Work item :: Output each line of the data below exactly, omitting any image.

Data excerpt ::
________

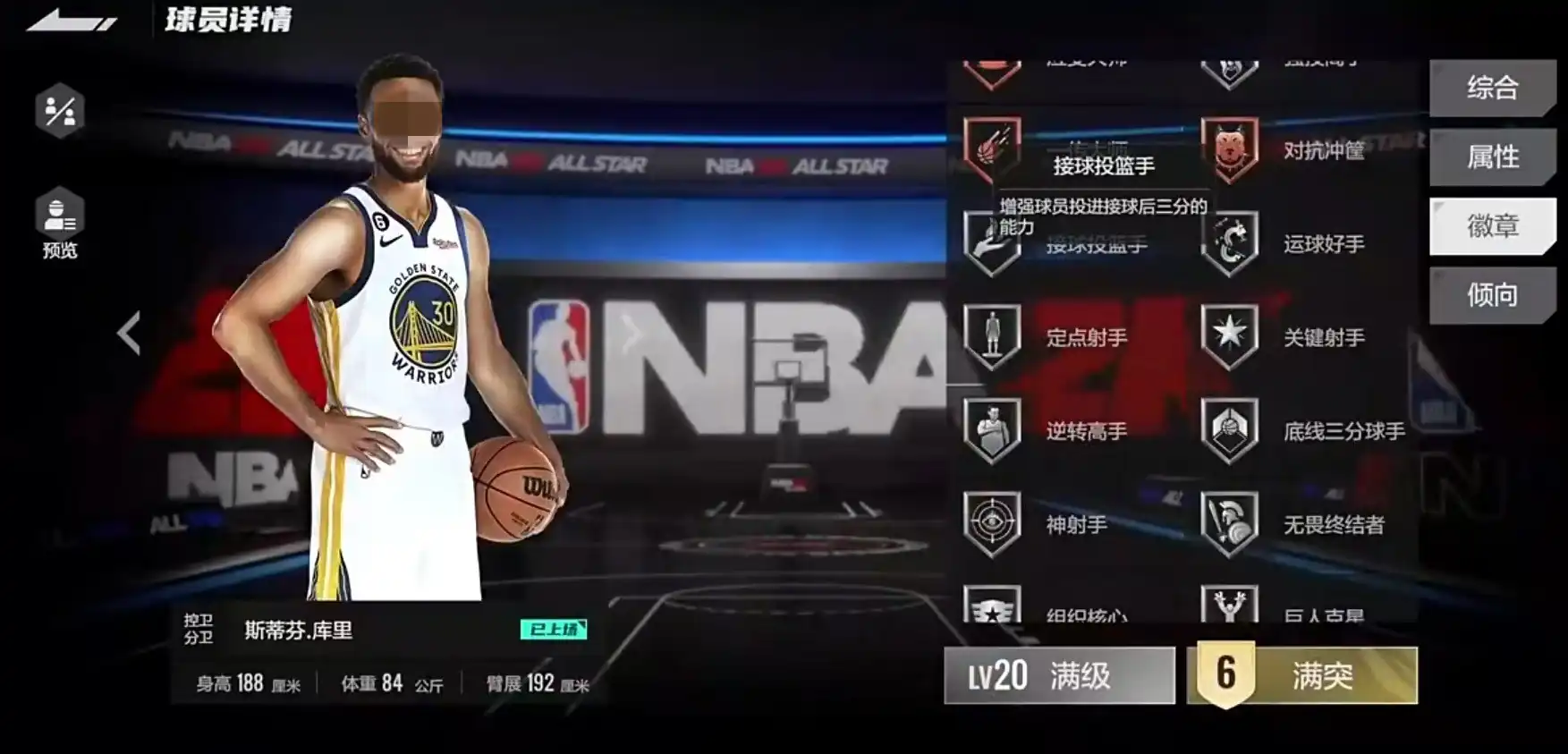 除了这三个比较强势的之外,还有绿色机器,保持警惕,定点射手,无球跑位等徽章,对于投射来说都非常重要。尤其是绿色机器,在连续极佳出手后可以获得额外加成,这样滚雪球的优势会更大。
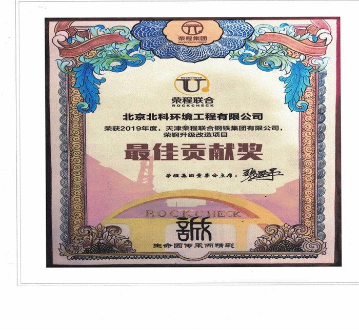 北科环境荣获天津荣程钢铁集团“最佳贡献奖”称号
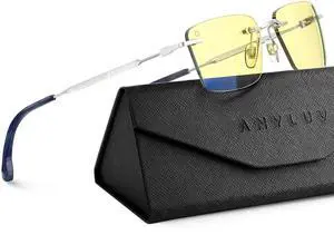 ANYLUV Rimless Blue Light Glasses Men, Rectangle Lightweight Blue Light Blocking Glasses, Stylish Metal Temple Anti Eyestrain
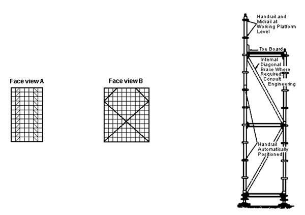 Two typical face bracing patterns used for systems scaffolding are illustrated below. The functioning of the braces is to prevent column buckling and scaffold structure sway, provide resistance to wind and retention mechanisms through tie backs and/or brace stiffening. End bracing is desirable for all systems scaffold structures.

________

The answer ::
 除了这三个比较强势的之外,还有绿色机器,保持警惕,定点射手,无球跑位等徽章,对于投射来说都非常重要。尤其是绿色机器,在连续极佳出手后可以获得额外加成,这样滚雪球的优势会更大。
 北科环境荣获天津荣程钢铁集团“最佳贡献奖”称号
 ANYLUV Rimless Blue Light Glasses Men, Rectangle Lightweight Blue Light Blocking Glasses, Stylish Metal Temple Anti Eyestrain
 Two typical face bracing patterns used for systems scaffolding are illustrated below. The functioning of the braces is to prevent column buckling and scaffold structure sway, provide resistance to wind and retention mechanisms through tie backs and/or brace stiffening. End bracing is desirable for all systems scaffold structures.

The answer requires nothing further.